=== Begin Enclosure ===
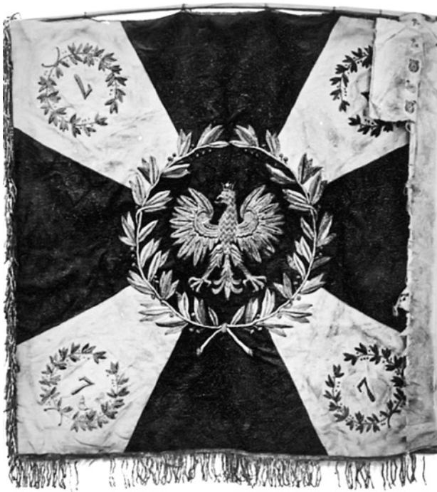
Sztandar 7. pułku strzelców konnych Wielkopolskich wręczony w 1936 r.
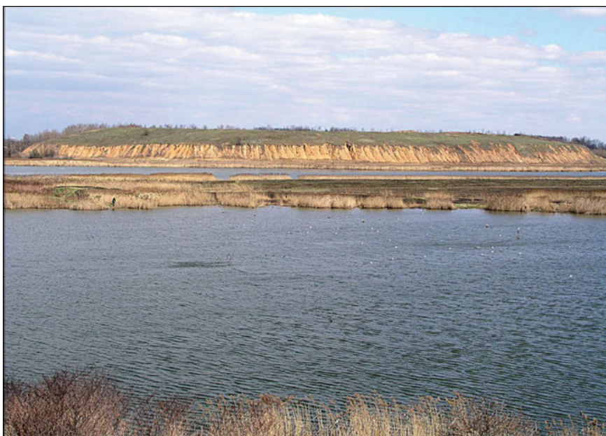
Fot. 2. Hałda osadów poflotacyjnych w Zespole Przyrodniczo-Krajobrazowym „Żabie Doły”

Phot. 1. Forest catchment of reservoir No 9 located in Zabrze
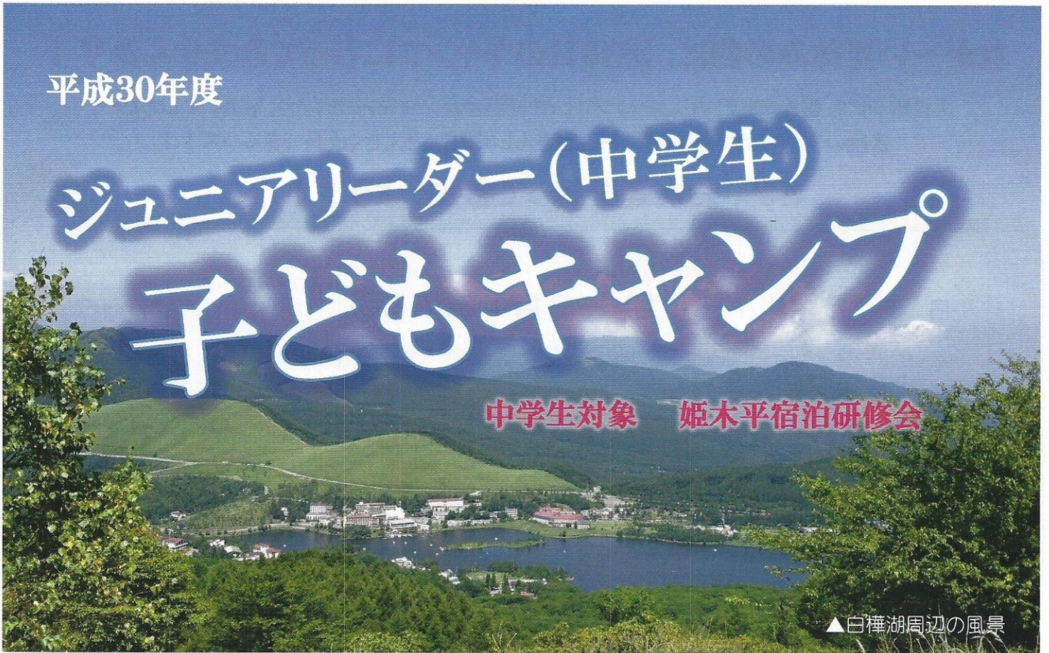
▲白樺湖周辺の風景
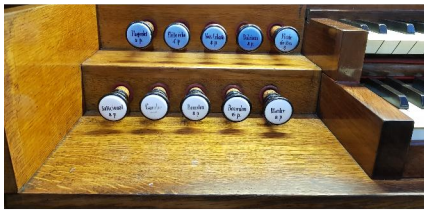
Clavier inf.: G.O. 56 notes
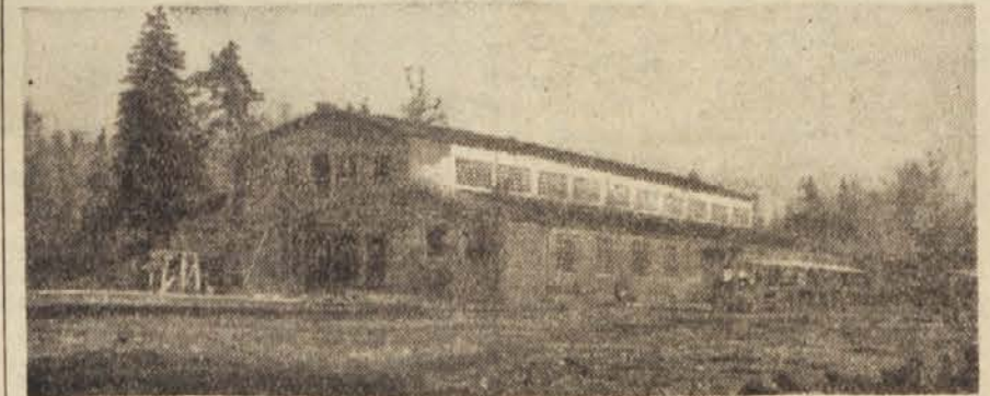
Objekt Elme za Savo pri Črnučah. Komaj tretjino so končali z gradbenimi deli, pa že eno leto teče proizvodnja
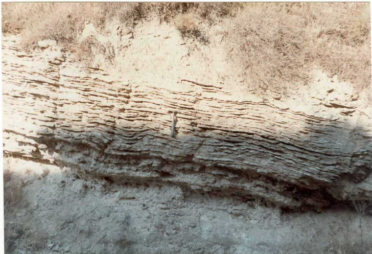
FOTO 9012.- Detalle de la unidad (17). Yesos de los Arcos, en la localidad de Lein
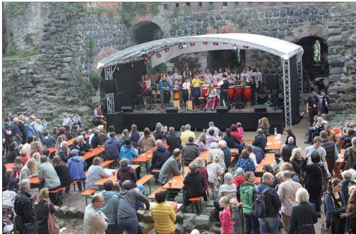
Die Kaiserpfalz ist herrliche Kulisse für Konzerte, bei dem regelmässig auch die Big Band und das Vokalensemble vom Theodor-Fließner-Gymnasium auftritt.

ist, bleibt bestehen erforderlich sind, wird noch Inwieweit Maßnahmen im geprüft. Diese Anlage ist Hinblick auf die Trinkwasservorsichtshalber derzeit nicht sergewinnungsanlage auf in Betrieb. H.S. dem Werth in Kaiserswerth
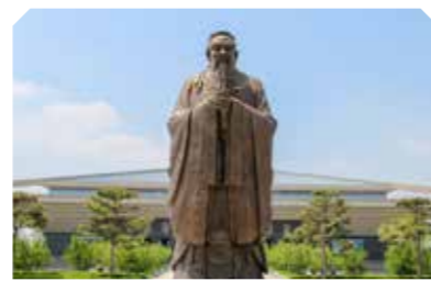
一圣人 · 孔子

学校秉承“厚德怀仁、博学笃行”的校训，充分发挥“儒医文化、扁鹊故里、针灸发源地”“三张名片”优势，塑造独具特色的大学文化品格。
=== End Enclosure ===
### Description of the task
Down to the last line, set down the data above exactly, and omit all images.

### Answer box
Sztandar 7. pułku strzelców konnych Wielkopolskich wręczony w 1936 r.
Fot. 2. Hałda osadów poflotacyjnych w Zespole Przyrodniczo-Krajobrazowym „Żabie Doły”

Phot. 1. Forest catchment of reservoir No 9 located in Zabrze
▲白樺湖周辺の風景
Clavier inf.: G.O. 56 notes
Objekt Elme za Savo pri Črnučah. Komaj tretjino so končali z gradbenimi deli, pa že eno leto teče proizvodnja
FOTO 9012.- Detalle de la unidad (17). Yesos de los Arcos, en la localidad de Lein
Die Kaiserpfalz ist herrliche Kulisse für Konzerte, bei dem regelmässig auch die Big Band und das Vokalensemble vom Theodor-Fließner-Gymnasium auftritt.

ist, bleibt bestehen erforderlich sind, wird noch Inwieweit Maßnahmen im geprüft. Diese Anlage ist Hinblick auf die Trinkwasservorsichtshalber derzeit nicht sergewinnungsanlage auf in Betrieb. H.S. dem Werth in Kaiserswerth
一圣人 · 孔子

学校秉承“厚德怀仁、博学笃行”的校训，充分发挥“儒医文化、扁鹊故里、针灸发源地”“三张名片”优势，塑造独具特色的大学文化品格。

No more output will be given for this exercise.